By Jonathan Kauffman | SFWeekly.com

Three weeks ago, William Lue put three signs up on the food truck he has rented on Townsend and Fourth. The first, “Burmese Gourmet,” he moved over from his Concord truck when he decided to break back into the San Francisco food scene. The second is a white board listing the day’s specials: catfish chowder over noodles, grilled pork with garlic noodles, samosas, and tea leaf salad. The third sign extols the salad’s many virtues, most notably a jolt of caffeine.”Whoever thinks salad is boring needs to try this!” It says. Nothing costs more than $5.

Lue, who talks newcomers through the menu, says that he founded Burmese Superstar in the 1980s before selling it to a second chef who in turn sold it to Desmond Htunlin and Joycelyn Lee, who have turned the Richmond restaurant into a phenomenon. His chef, Allen, moved to the States five years ago.
Allen’s catfish chowder is mild and creamy, the meat dissolving into a turmeric-yellow stew flavored with lemongrass and ginger juice. His tea leaf salad, though, is all too potent: A palm-sized tangle of fermented tea leaves, densely vegetal and a little bitter, is mixed together with iceberg lettuce, tomato wedges, sesame seeds, roasted peanuts, and fried chickpeas. It’s the kind of salad you’d expect to buy on a street corner, not the more refined, delicately crunchy versions at Mandalay and Burmese Kitchen. And SFoodie, having eaten half a portion, raced back to the office and is now pounding away at the keyboard with the force of a hundred men.

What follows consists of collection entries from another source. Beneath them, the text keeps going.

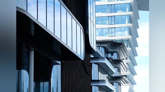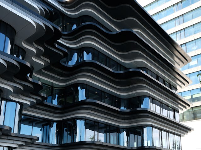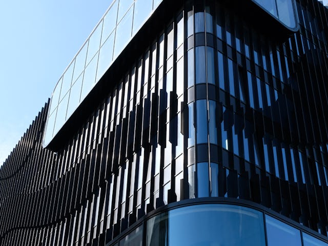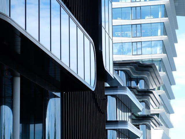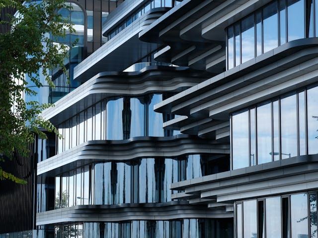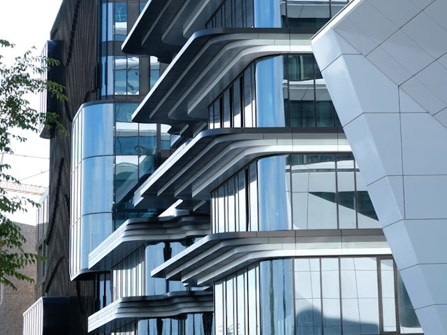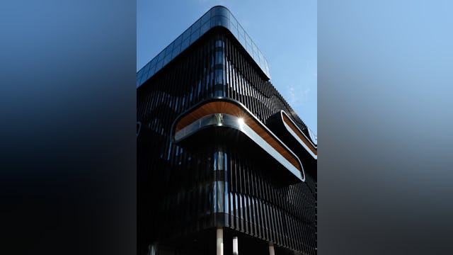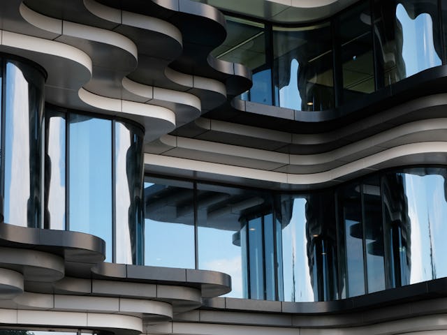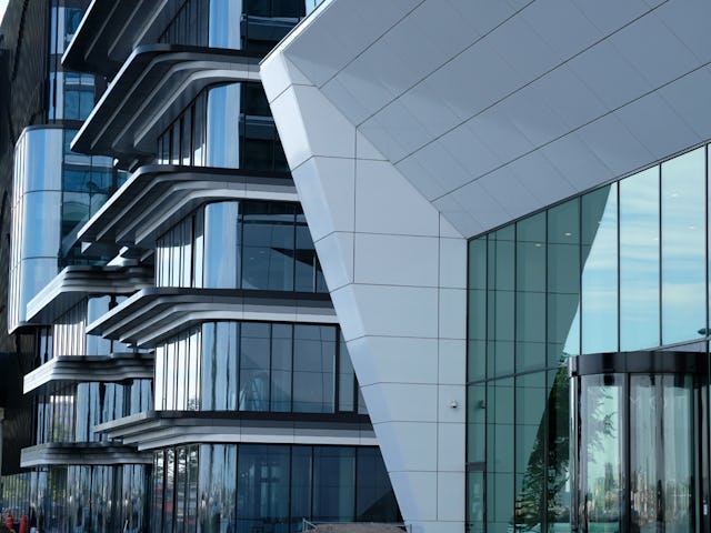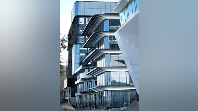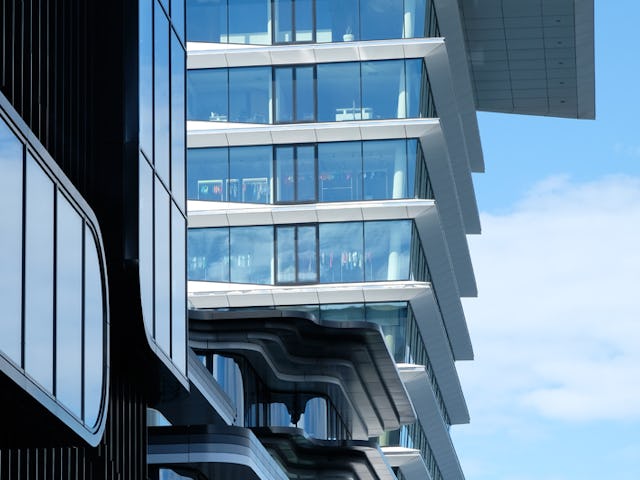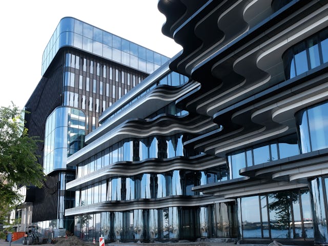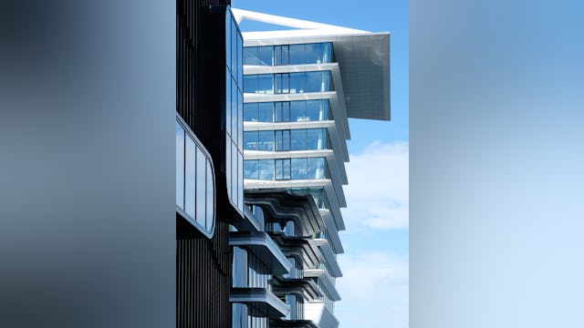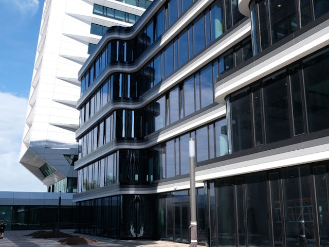 Voor het derde gebouw kozen we vanwege het evenwicht weer voor hoogbouw. Deze tien verdiepingen tellende constructie is gebaseerd op een futuristische visie, met enorme asymmetrische openingen en uit het pand stekende glazen ruimtes met uitzicht op het IJ en de stad. Door deze openingen op de rand van het gebouw te plaatsen zorgden we ervoor dat het grafische element van de gevel, waarbij sculpturale lamellen de golfbewegingen belichamen, centraal kwam te staan.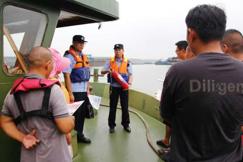 巡防民警登上貨船,以船舶消防安全制度是否落實、消防設施器材是否完好有效等檢查內(nèi)容為重點,開展船舶治安消防安全大檢查,督促船舶經(jīng)營人進一步落實船舶消防安全主體責任,強化船舶安全自查,及時消除船舶安全隱患,確保航運交通安全。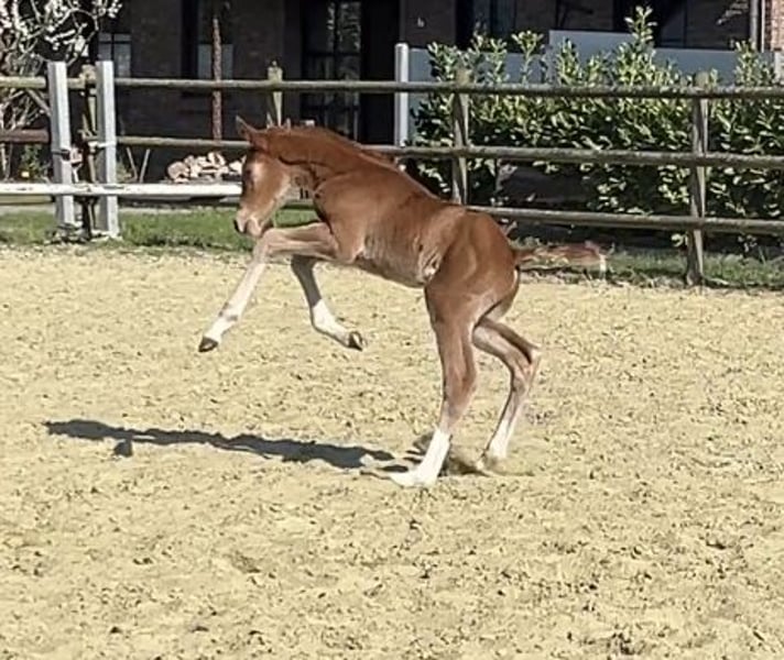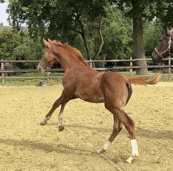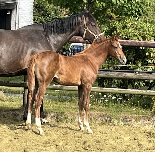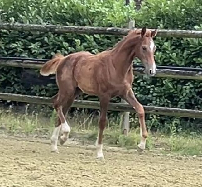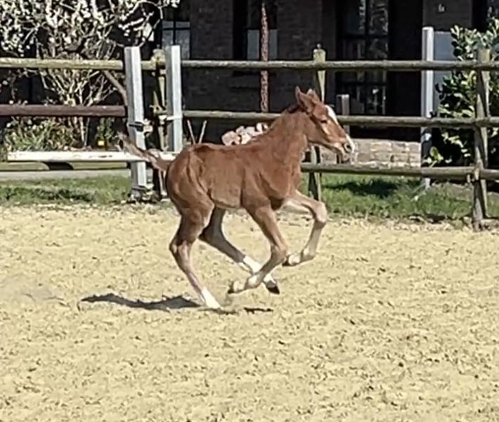 Jackson MK ist am 02.04.25 geboren und will nicht nur körperlich groß werden! Er ist nicht nur äußerst hübsch, sondern steht auch auf einem unglaublich stimmigen und gutem Fundament. Er lernt sehr schnell ist neugierig und zugänglich. Seine Mutter ist eine großrahmige Stute mit einem Stockmaß von 1,76m und viel Talent am Sprung. In diese Fußstapfen will er rein.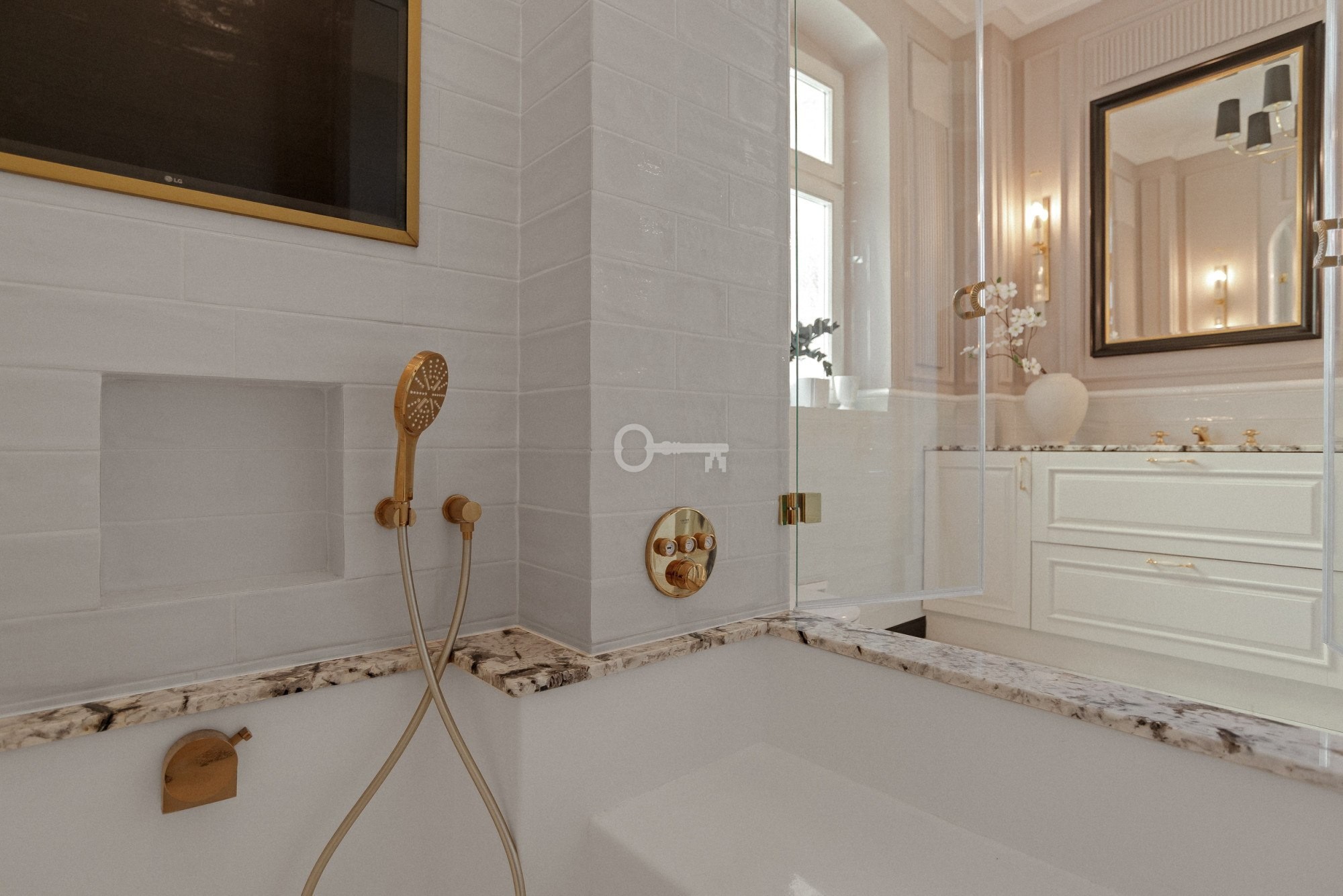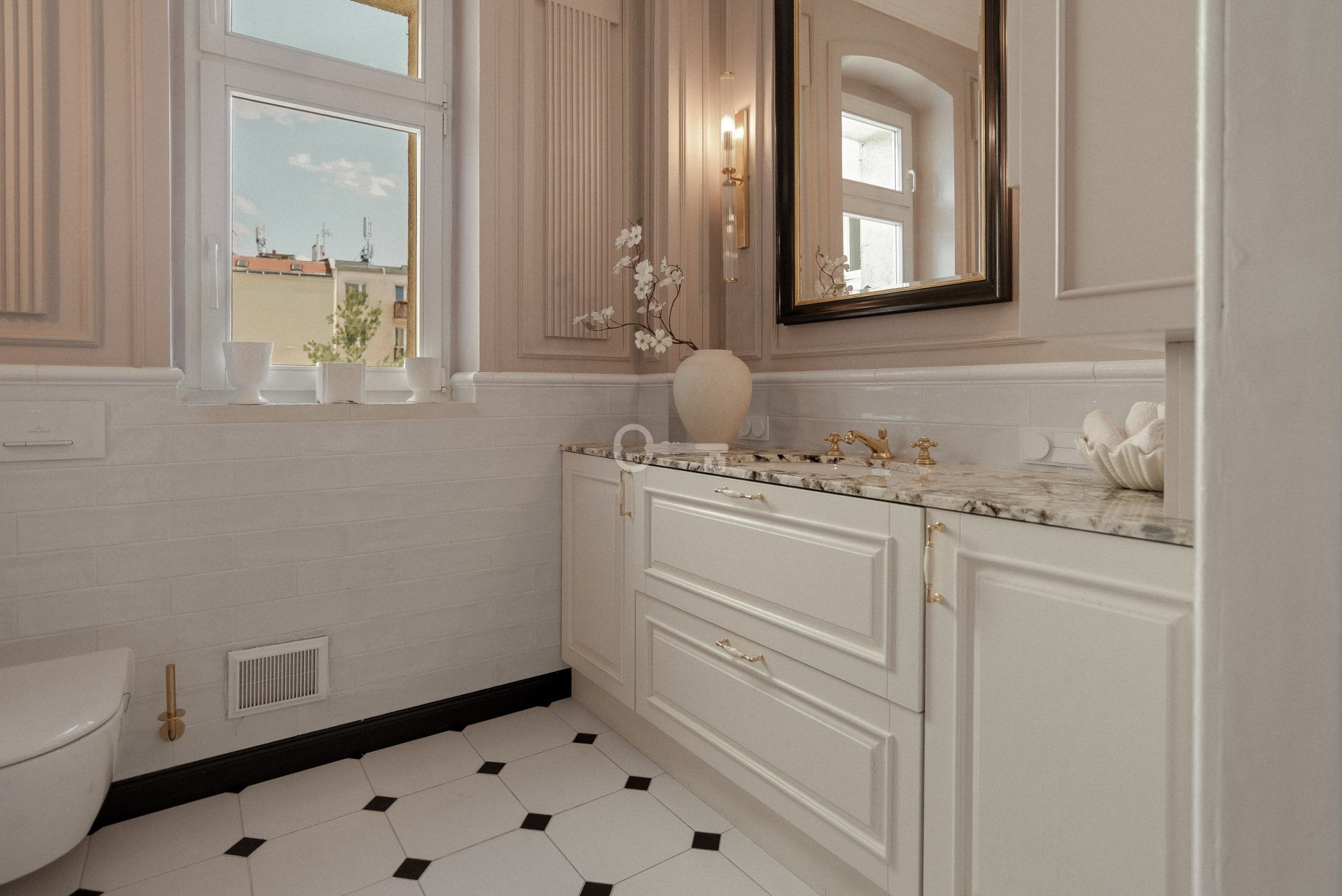 Das Apartment wurde vollständig renoviert und wird möbliert übergeben. Ausstattung: Böden und Einbauelemente aus Massiveiche, Naturmarmor und Quarzstein, maßgefertigte Einbaumöbel, Beleuchtung von Vistosi, Masiero und Kutek. Küche mit Geräten von Smeg und Elica, Sonos-Audiosystem, Bio-Kamin im Wohnzimmer, Badezimmer mit freistehender Wanne, Armatur Hansgrohe. Gasheizung. Hausgeld ca. 500 PLN monatlich. Vollständiges Wohnungseigentum mit Grundbucheintrag. Parkplätze in Gebäudenähe verfügbar.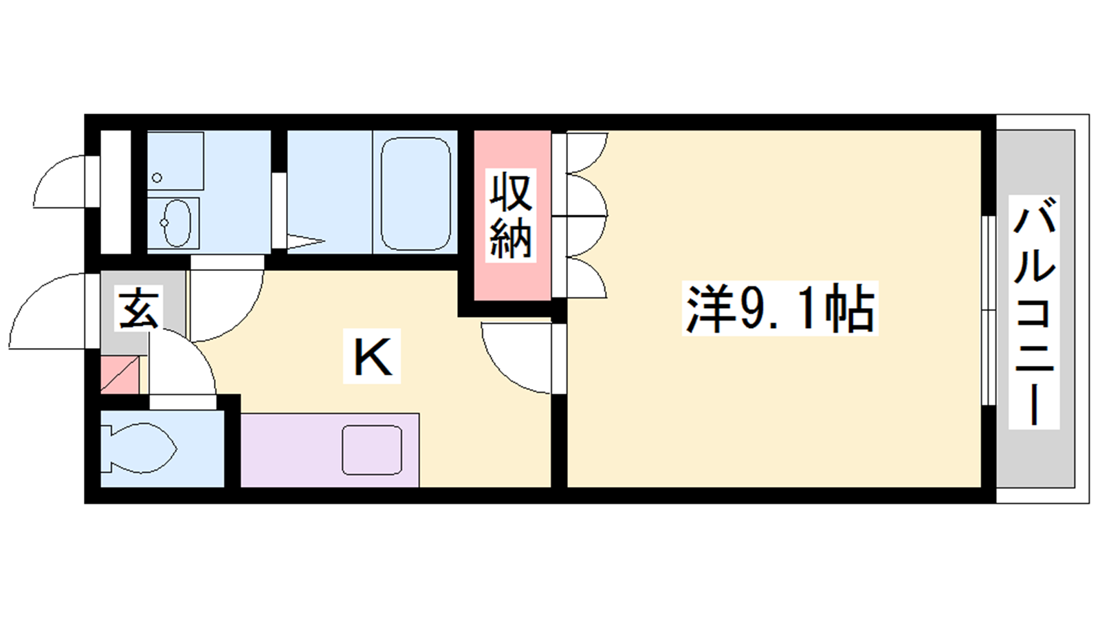 - K3帖、洋室9.1帖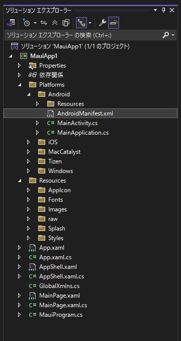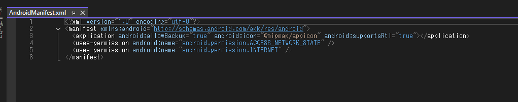 ソリューションエクスプローラでAndroidManifest.xmlをダブルクリックすると、AndroidManifestエディターが起動する。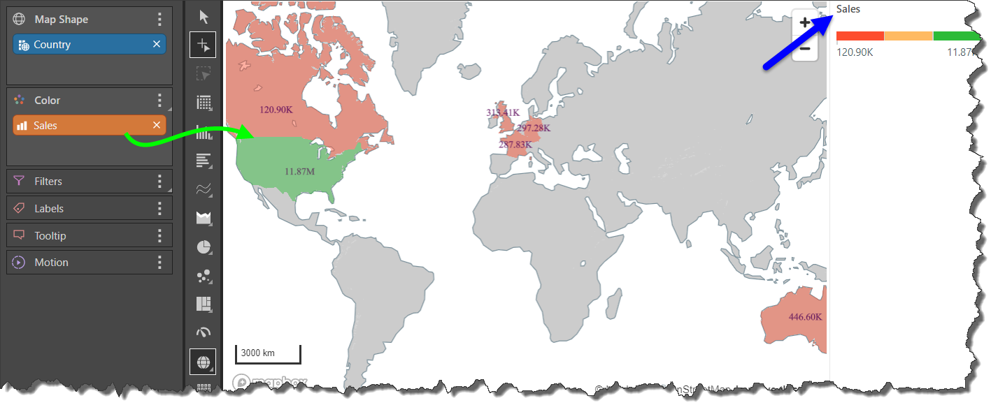 Add the Sales measure to the Color zone; the color of each country will be driven by the sales measure (green arrow). The color scale can be read from the Sales legend (blue arrow).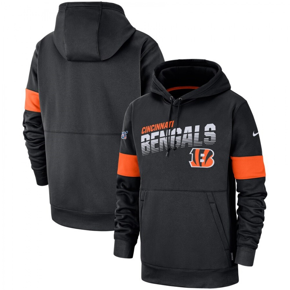 Men's Cincinnati Bengals 2019 Black 100th Season Sideline Team Logo Performance Pullover Hoodie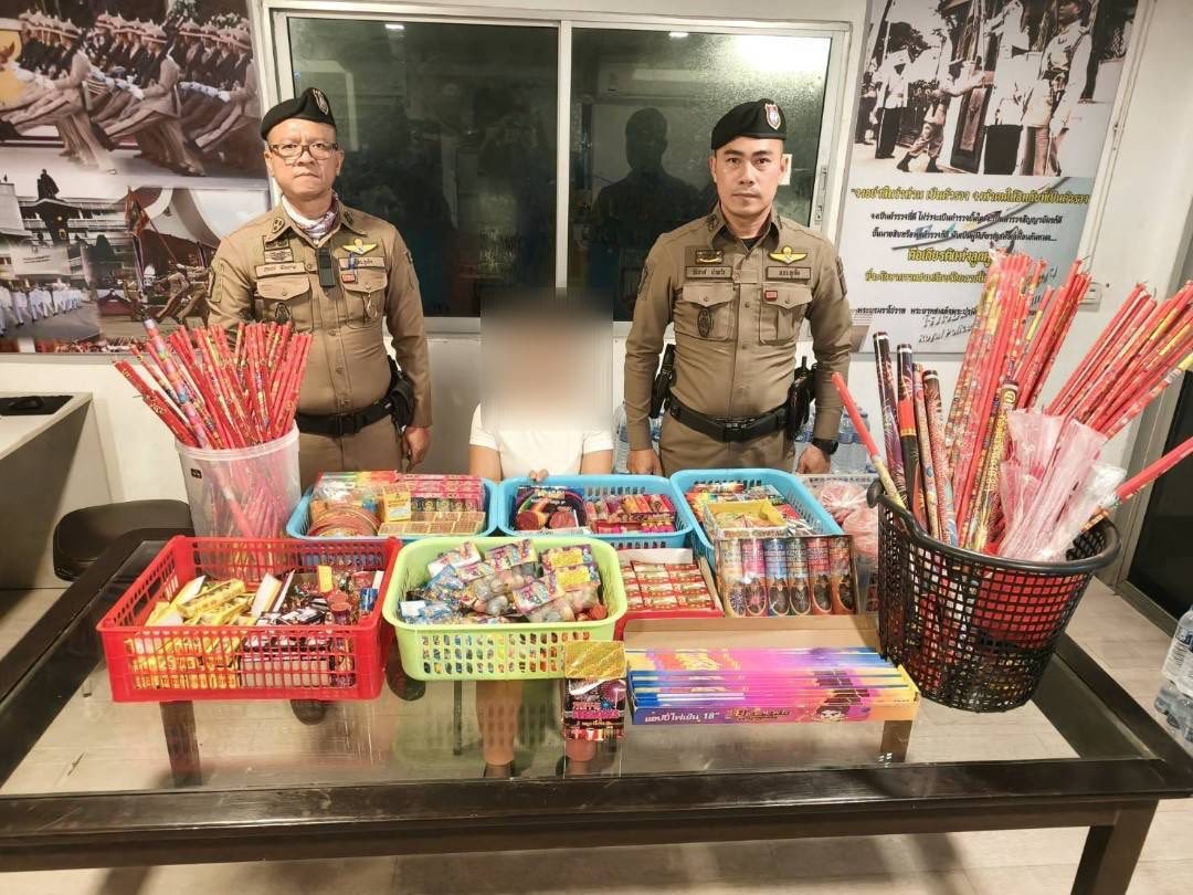 สายตรวจ สภ.เมืองภูเก็ต จับกุม 3 คนขายพลุ ประทัด ไม่ได้รับอนุญาต ที่บริเวณสะพานหินภูเก็ต

Lue changes the menu every day, so tomorrow he’s going to be serving a mixed seafood stew, and the grilled pork on his menu alternates with grilled beef. The rented truck parks at the corner (in front of Limn) every weekday from 11:30 to 2:30 p.m., though when he finds a permitted space in SoMa, he’ll drive his orange truck from Concord over the bridge for good.